[Stored data — start]
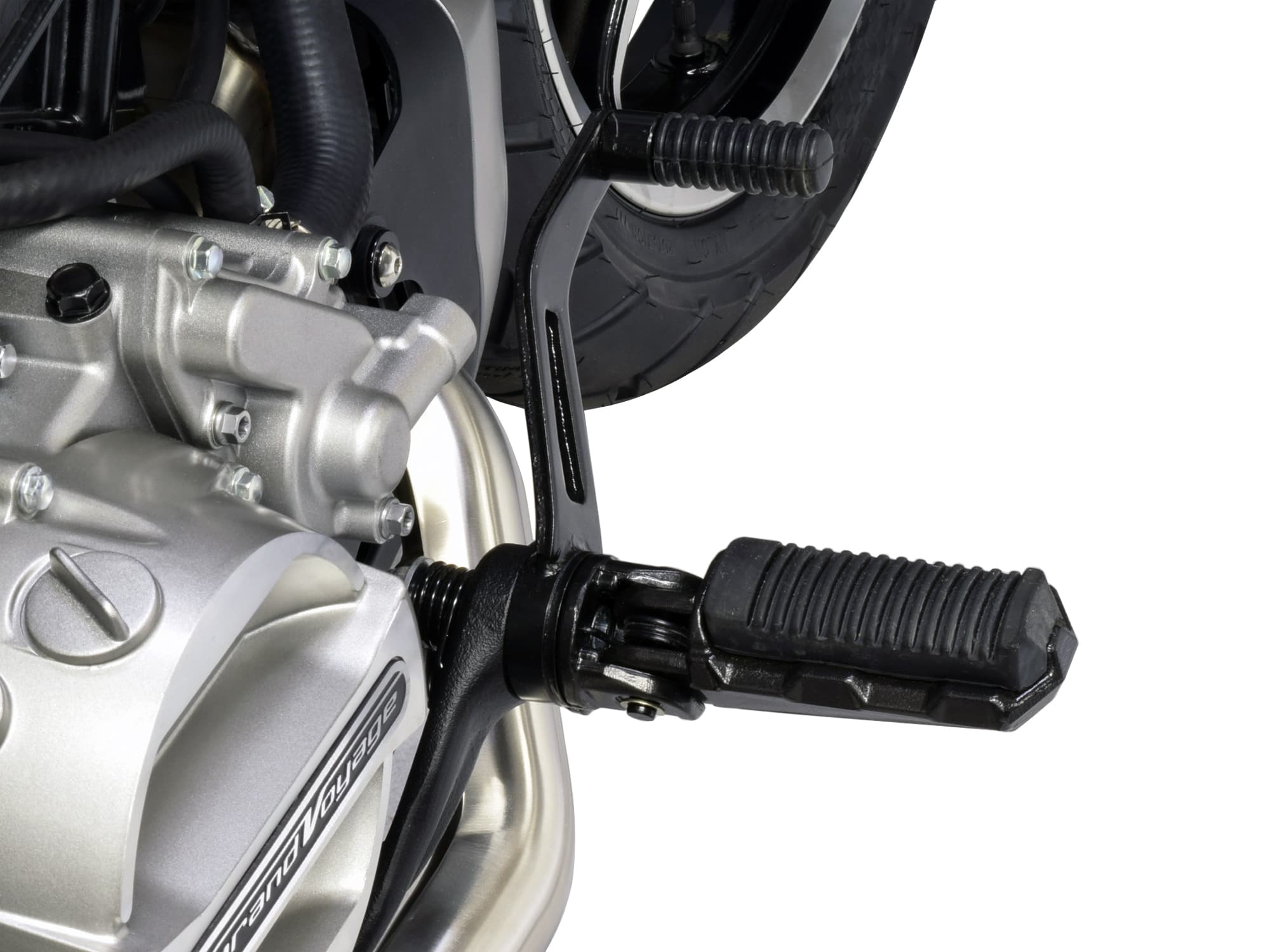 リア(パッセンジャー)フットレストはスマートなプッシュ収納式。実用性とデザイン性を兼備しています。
[Stored data — finish]
[Stored data — start]
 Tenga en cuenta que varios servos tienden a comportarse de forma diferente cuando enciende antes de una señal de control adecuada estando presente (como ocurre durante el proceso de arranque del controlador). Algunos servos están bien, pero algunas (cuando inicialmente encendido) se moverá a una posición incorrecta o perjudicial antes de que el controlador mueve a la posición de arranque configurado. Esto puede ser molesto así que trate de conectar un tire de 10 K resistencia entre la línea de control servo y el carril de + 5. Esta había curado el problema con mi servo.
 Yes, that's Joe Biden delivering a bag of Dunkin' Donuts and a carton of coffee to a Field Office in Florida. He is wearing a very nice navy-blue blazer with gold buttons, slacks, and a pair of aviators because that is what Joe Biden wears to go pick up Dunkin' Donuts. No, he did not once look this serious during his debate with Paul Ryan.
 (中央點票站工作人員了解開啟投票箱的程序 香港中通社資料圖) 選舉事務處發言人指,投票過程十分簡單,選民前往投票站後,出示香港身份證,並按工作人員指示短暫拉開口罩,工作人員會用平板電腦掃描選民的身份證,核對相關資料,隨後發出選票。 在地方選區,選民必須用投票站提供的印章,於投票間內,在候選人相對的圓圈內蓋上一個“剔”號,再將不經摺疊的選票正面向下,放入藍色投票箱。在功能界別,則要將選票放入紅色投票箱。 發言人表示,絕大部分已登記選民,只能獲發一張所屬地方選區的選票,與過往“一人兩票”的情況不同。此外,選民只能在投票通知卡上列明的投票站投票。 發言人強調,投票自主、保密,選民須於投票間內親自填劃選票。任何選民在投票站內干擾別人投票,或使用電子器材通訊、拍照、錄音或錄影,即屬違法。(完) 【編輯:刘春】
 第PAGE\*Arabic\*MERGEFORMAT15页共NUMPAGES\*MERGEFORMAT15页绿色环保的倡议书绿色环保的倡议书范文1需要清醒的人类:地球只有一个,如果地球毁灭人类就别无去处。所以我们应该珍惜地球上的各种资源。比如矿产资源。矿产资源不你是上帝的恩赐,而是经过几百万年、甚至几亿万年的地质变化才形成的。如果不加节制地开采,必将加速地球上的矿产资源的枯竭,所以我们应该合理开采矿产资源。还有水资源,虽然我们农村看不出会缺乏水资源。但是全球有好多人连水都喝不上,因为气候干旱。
[Stored data — finish]
[Stored data — start]
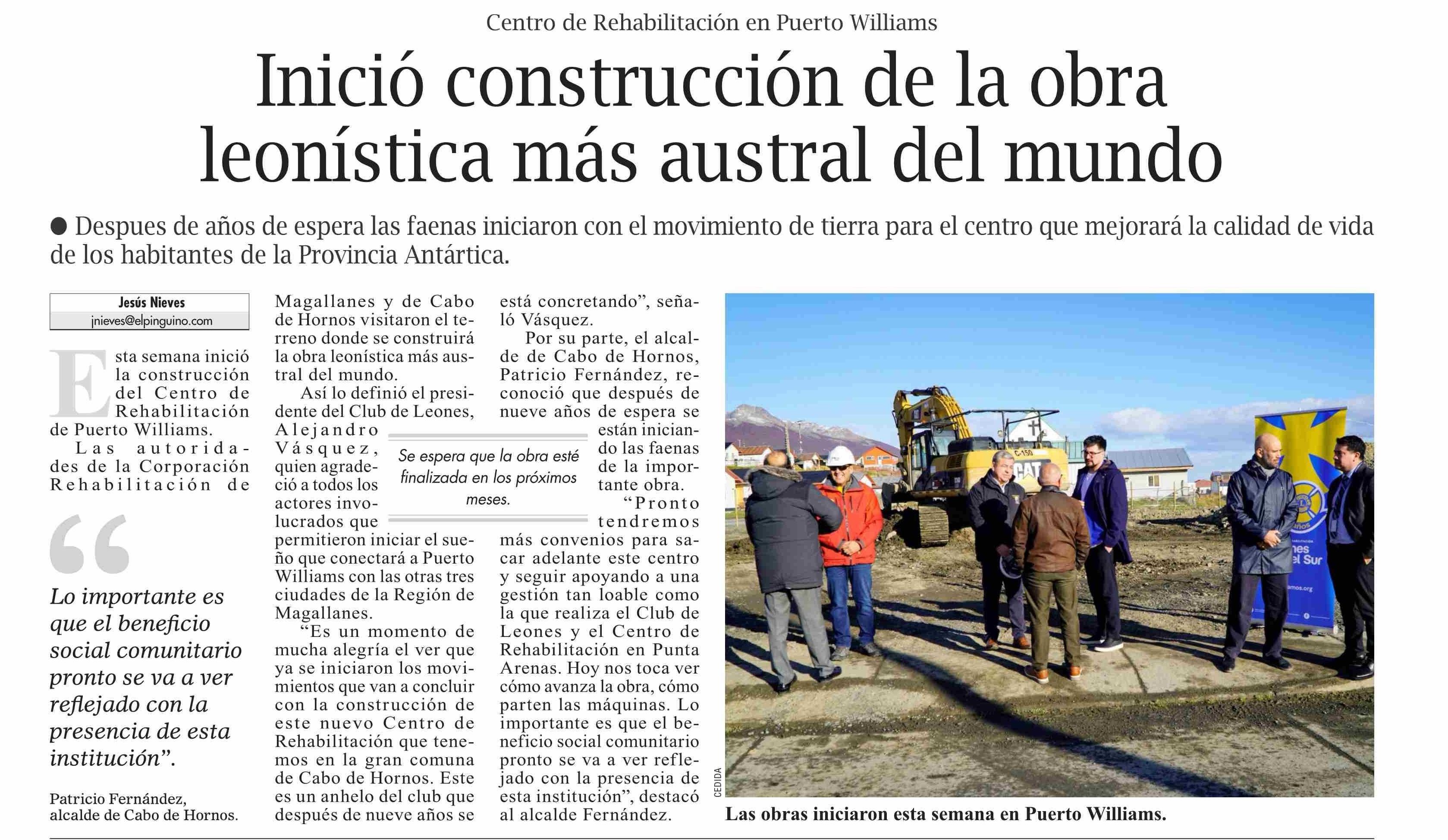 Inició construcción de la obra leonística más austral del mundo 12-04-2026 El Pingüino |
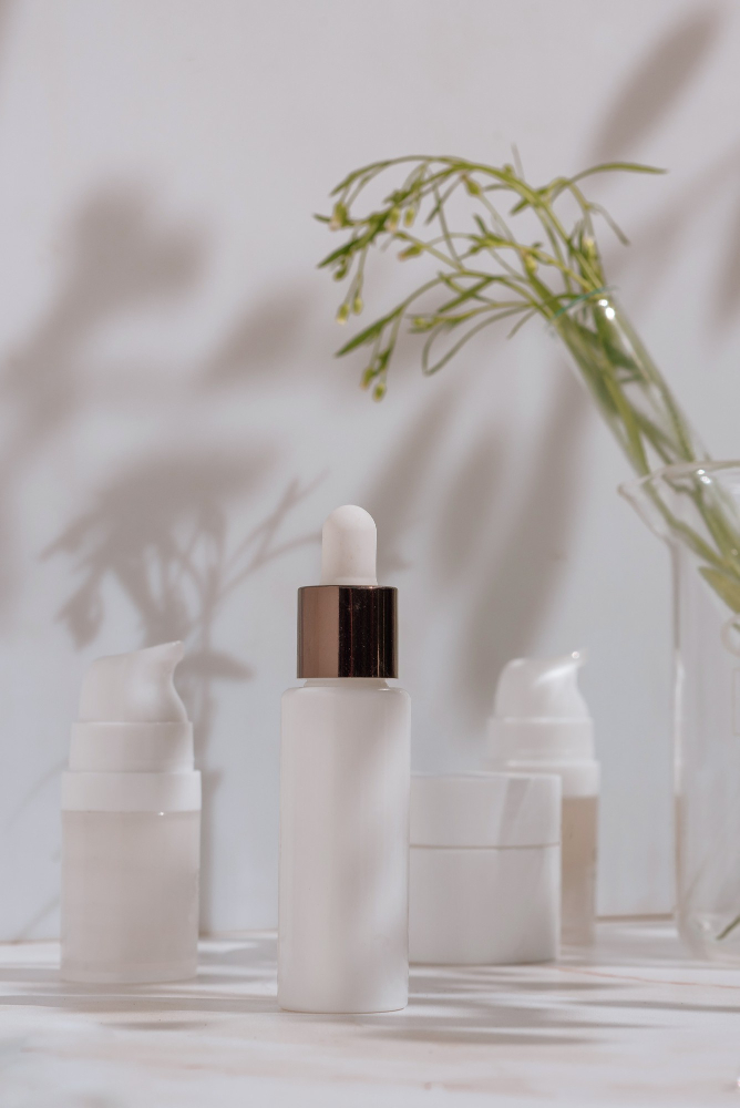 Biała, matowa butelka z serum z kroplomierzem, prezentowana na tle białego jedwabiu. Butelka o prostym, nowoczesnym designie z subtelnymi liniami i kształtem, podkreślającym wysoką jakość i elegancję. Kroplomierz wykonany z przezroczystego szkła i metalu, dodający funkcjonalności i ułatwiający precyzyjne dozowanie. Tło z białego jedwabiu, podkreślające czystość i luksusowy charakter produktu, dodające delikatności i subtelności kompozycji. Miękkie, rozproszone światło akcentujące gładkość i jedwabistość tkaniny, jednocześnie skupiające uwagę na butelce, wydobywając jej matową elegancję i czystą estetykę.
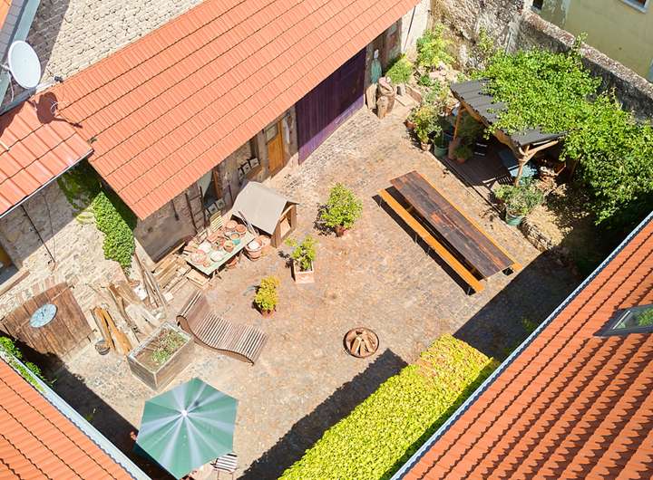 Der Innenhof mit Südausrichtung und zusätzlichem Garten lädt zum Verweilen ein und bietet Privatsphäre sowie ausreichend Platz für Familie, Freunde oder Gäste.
[Stored data — finish]
■ Task to complete:
Print nothing except the lines above from the one containing "Biała, matowa butelka" down to the one containing "Der Innenhof mit", both included, exactly as written and free of pictures.

■ Exercise answer:
 Biała, matowa butelka z serum z kroplomierzem, prezentowana na tle białego jedwabiu. Butelka o prostym, nowoczesnym designie z subtelnymi liniami i kształtem, podkreślającym wysoką jakość i elegancję. Kroplomierz wykonany z przezroczystego szkła i metalu, dodający funkcjonalności i ułatwiający precyzyjne dozowanie. Tło z białego jedwabiu, podkreślające czystość i luksusowy charakter produktu, dodające delikatności i subtelności kompozycji. Miękkie, rozproszone światło akcentujące gładkość i jedwabistość tkaniny, jednocześnie skupiające uwagę na butelce, wydobywając jej matową elegancję i czystą estetykę.
 Der Innenhof mit Südausrichtung und zusätzlichem Garten lädt zum Verweilen ein und bietet Privatsphäre sowie ausreichend Platz für Familie, Freunde oder Gäste.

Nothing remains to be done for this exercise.